*The task:*
Starting at the line that contains "Neue Generation, 8-patentierter", return every line through the end of the data exactly, without pictures.

[Opening Dataset section]

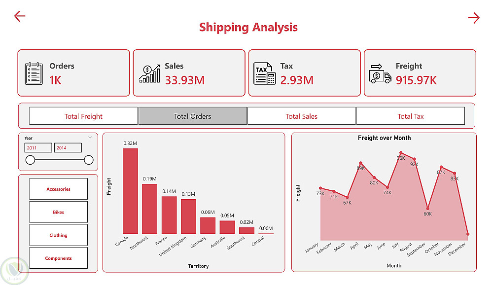 - الشحن والنقل: تتبع تكاليف الشحن الشهرية، مع تسليط الضوء على فترات الذروة الموسمية مثل شهر يوليو (96 ألف دولار أمريكي).
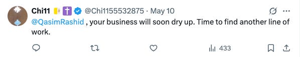 I periodically share this more personal side of my advocacy for human rights because it is important to me that you, my gracious supporters, see what I see. Apologies in advance for the vulgar language in the screen shots below. I discuss the above question in a new issue of “Hate Mail of the Weak.” Let’s Address This
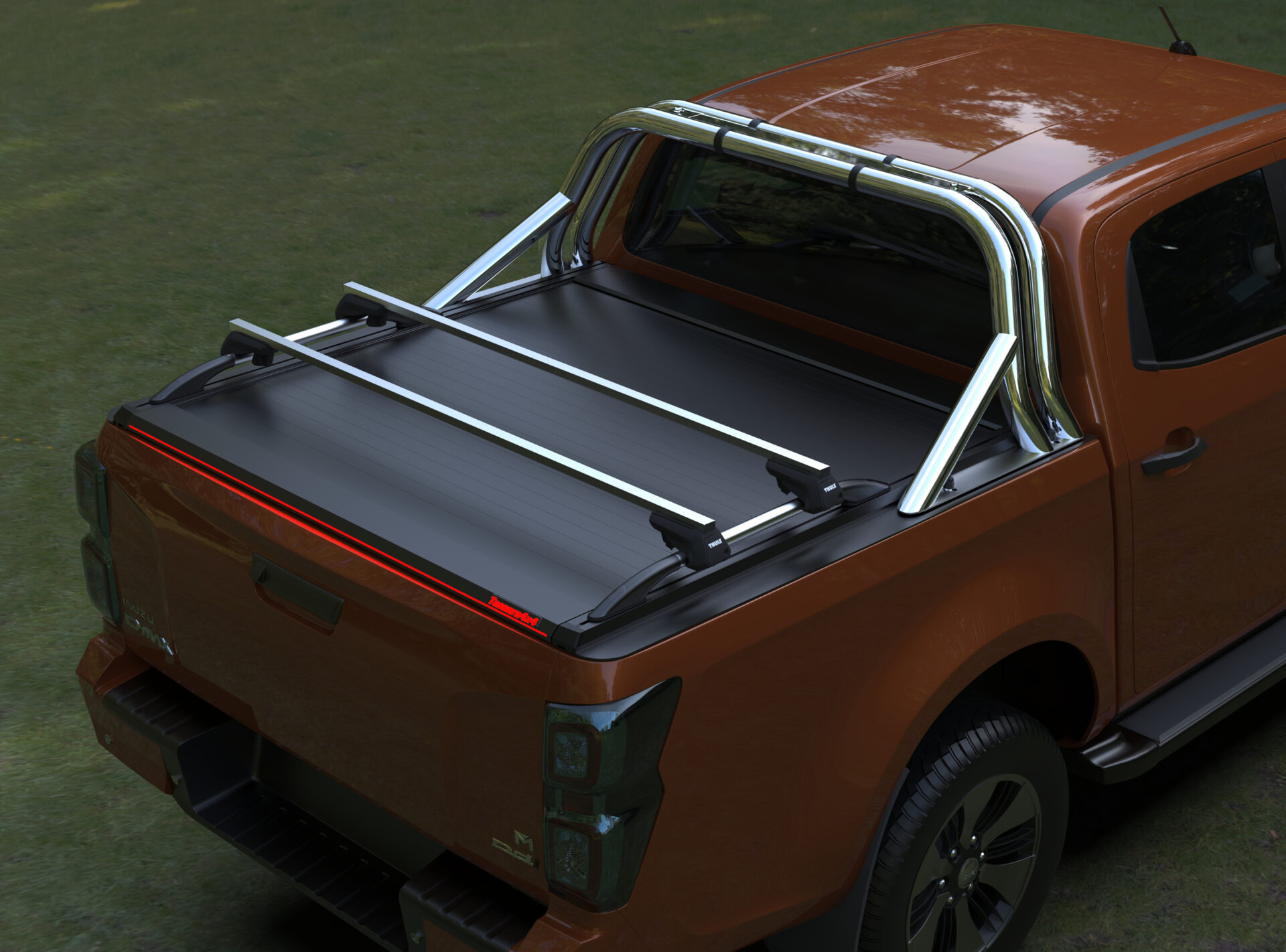 Neue Generation, 8-patentierter “Tessera Roll+” Aluminium- Laderaumrollo, erhältlich für Isuzu D-Max 2021+ doppelkabine (double cab).
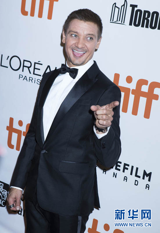 9月11日,美国演员杰瑞米·雷纳随影片《降临》亮相多伦多国际电影节。新华网发(邹峥摄)
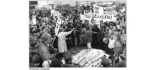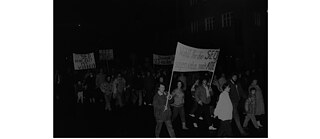 Todos los lunes, después de las prédicas por la paz en las iglesias de Alemania Oriental, queda claro –cada vez más– que estos números no expresan el voto real en el país. En las manifestaciones de los lunes, las y los ciudadanos marchan contra el régimen. “Al principio, la atmósfera todavía era muy tensa y temerosa”, describe la testigo presencial, quien participó en las manifestaciones en Jena, pues finamente todos los y las asistentes sabían cómo trataba el régimen a las y los opositores. Katharina Steinhäuser describe esa sensación como el tono de fondo de la RDA: un zumbido o murmullo de miedo que estuvieron resonando en segundo plano durante años. “Claro que también había momentos en los que éramos felices, recién enamorados, jóvenes. Pero se esperaba que gritáramos ‘¡Hurra!’ todo el tiempo… e incluso eso podía ser un error. Recuerdo una gran desolación.” Las situaciones y las armas cotidianas estaban permeadas por “la permanente y difusa incertidumbre y por el miedo a hacer algo mal, a que te encarcelaran de manera injusta y a estar a merced del Estado.” Steinhauser recuerda su primera manifestación: “Cuando escuché que en Leipzig se estaban manifestando decenas de miles, me armé de valor. Pensé: Ahora sí ya no puedes quedarte a un lado. Saber cuántos estaban participando ya de suyo nos dio muchos ánimos.”

[Closing Dataset section]

*Task result:*
 Neue Generation, 8-patentierter “Tessera Roll+” Aluminium- Laderaumrollo, erhältlich für Isuzu D-Max 2021+ doppelkabine (double cab).
 9月11日,美国演员杰瑞米·雷纳随影片《降临》亮相多伦多国际电影节。新华网发(邹峥摄)
 Todos los lunes, después de las prédicas por la paz en las iglesias de Alemania Oriental, queda claro –cada vez más– que estos números no expresan el voto real en el país. En las manifestaciones de los lunes, las y los ciudadanos marchan contra el régimen. “Al principio, la atmósfera todavía era muy tensa y temerosa”, describe la testigo presencial, quien participó en las manifestaciones en Jena, pues finamente todos los y las asistentes sabían cómo trataba el régimen a las y los opositores. Katharina Steinhäuser describe esa sensación como el tono de fondo de la RDA: un zumbido o murmullo de miedo que estuvieron resonando en segundo plano durante años. “Claro que también había momentos en los que éramos felices, recién enamorados, jóvenes. Pero se esperaba que gritáramos ‘¡Hurra!’ todo el tiempo… e incluso eso podía ser un error. Recuerdo una gran desolación.” Las situaciones y las armas cotidianas estaban permeadas por “la permanente y difusa incertidumbre y por el miedo a hacer algo mal, a que te encarcelaran de manera injusta y a estar a merced del Estado.” Steinhauser recuerda su primera manifestación: “Cuando escuché que en Leipzig se estaban manifestando decenas de miles, me armé de valor. Pensé: Ahora sí ya no puedes quedarte a un lado. Saber cuántos estaban participando ya de suyo nos dio muchos ánimos.”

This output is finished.